Here’s the error (just the last part):

[component_container_mt-1] [INFO] [1719138216.477395281] [foundationpose_node]: [NitrosSubscriber] Use the negotiated data format: "nitros_image_rgb8"
[component_container_mt-1] [INFO] [1719138216.477399532] [foundationpose_node]: [NitrosSubscriber] Negotiation ended with no results
[component_container_mt-1] [INFO] [1719138216.477402940] [foundationpose_node]: [NitrosSubscriber] Use the compatible subscriber: topic_name="/rgb/camera_info", data_format="nitros_camera_info"

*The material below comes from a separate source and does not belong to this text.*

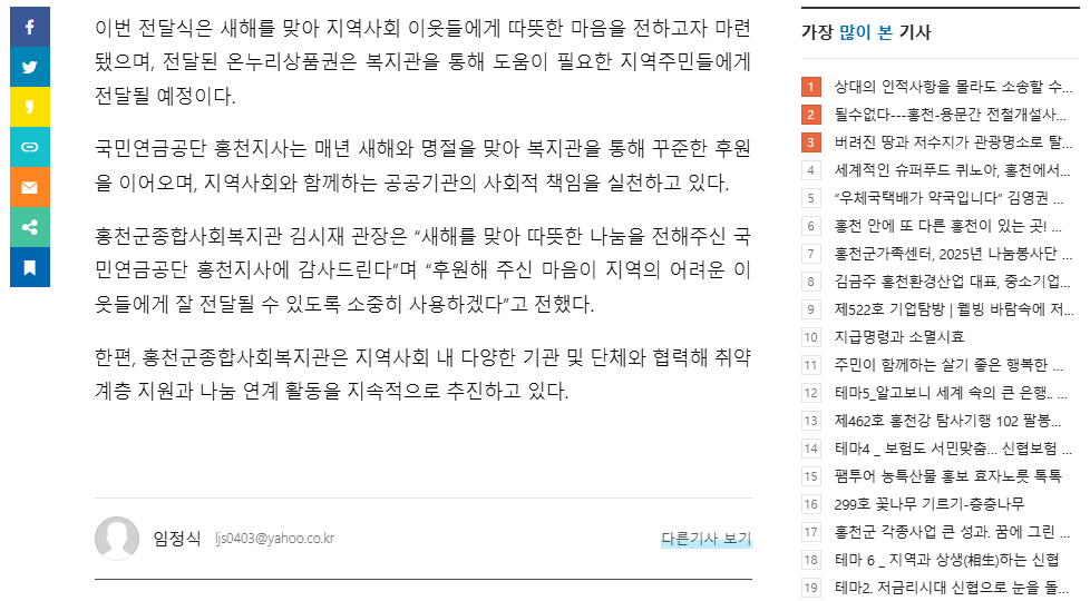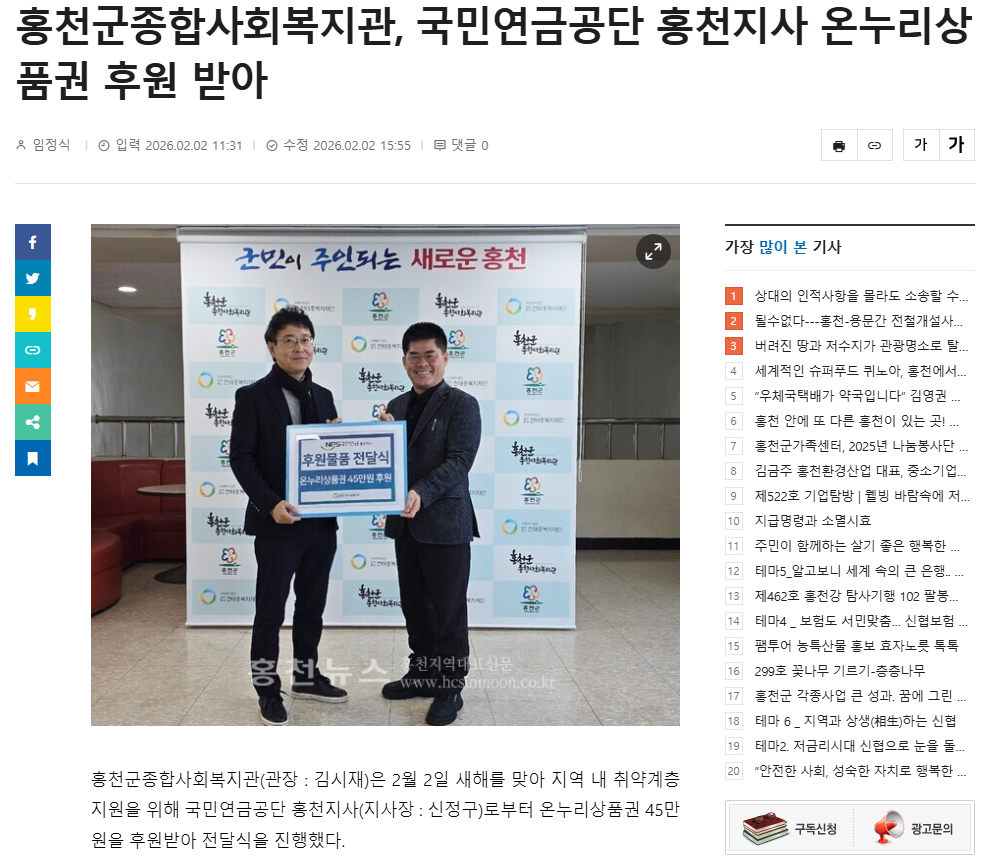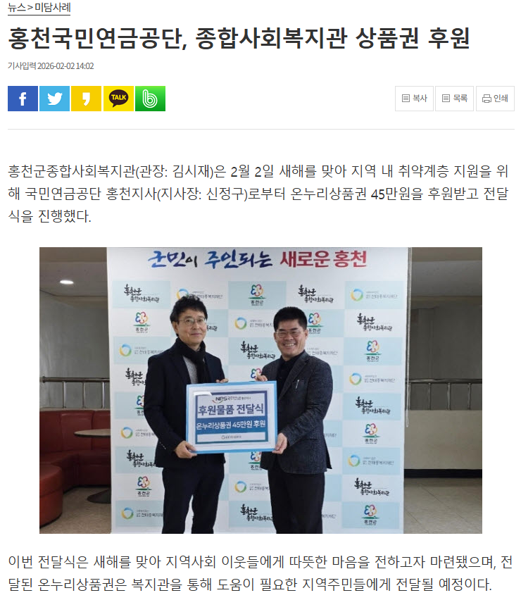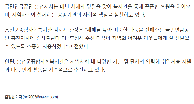 - 이전글 홍천군종합사회복지관, 설 명절 맞아 ‘새해 덕담·안부 나눔 행사’ 운영 2026.01.29

[component_container_mt-1] [INFO] [1719138216.477406854] [foundationpose_node]: [NitrosSubscriber] Use the negotiated data format: "nitros_image_mono8"
[component_container_mt-1] [INFO] [1719138216.477410454] [foundationpose_node]: [NitrosSubscriber] Negotiation ended with no results
[component_container_mt-1] [INFO] [1719138216.477413557] [foundationpose_node]: [NitrosSubscriber] Use the compatible subscriber: topic_name="/depth_image", data_format="nitros_image_32FC1"
[component_container_mt-1] [INFO] [1719138216.477502035] [foundationpose_node]: [NitrosNode] Exporting the final graph based on the negotiation results
[component_container_mt-1] [INFO] [1719138218.149944263] [foundationpose_node]: [NitrosNode] Wrote the final top level YAML graph to "/tmp/isaac_ros_nitros/graphs/GVUOUAGZWE/GVUOUAGZWE.yaml"
[component_container_mt-1] [INFO] [1719138218.149985756] [foundationpose_node]: [NitrosNode] Loading application
[component_container_mt-1] 2024-06-23 12:23:38.156 WARN  gxf/std/yaml_file_loader.cpp@1077: Using unregistered parameter 'dummy_rx' in component ''.
[component_container_mt-1] 2024-06-23 12:23:38.156 WARN  gxf/std/yaml_file_loader.cpp@1077: Using unregistered parameter 'dummy_rx' in component ''.
[component_container_mt-1] 2024-06-23 12:23:38.157 WARN  gxf/std/yaml_file_loader.cpp@1077: Using unregistered parameter 'dev_id' in component 'stream'.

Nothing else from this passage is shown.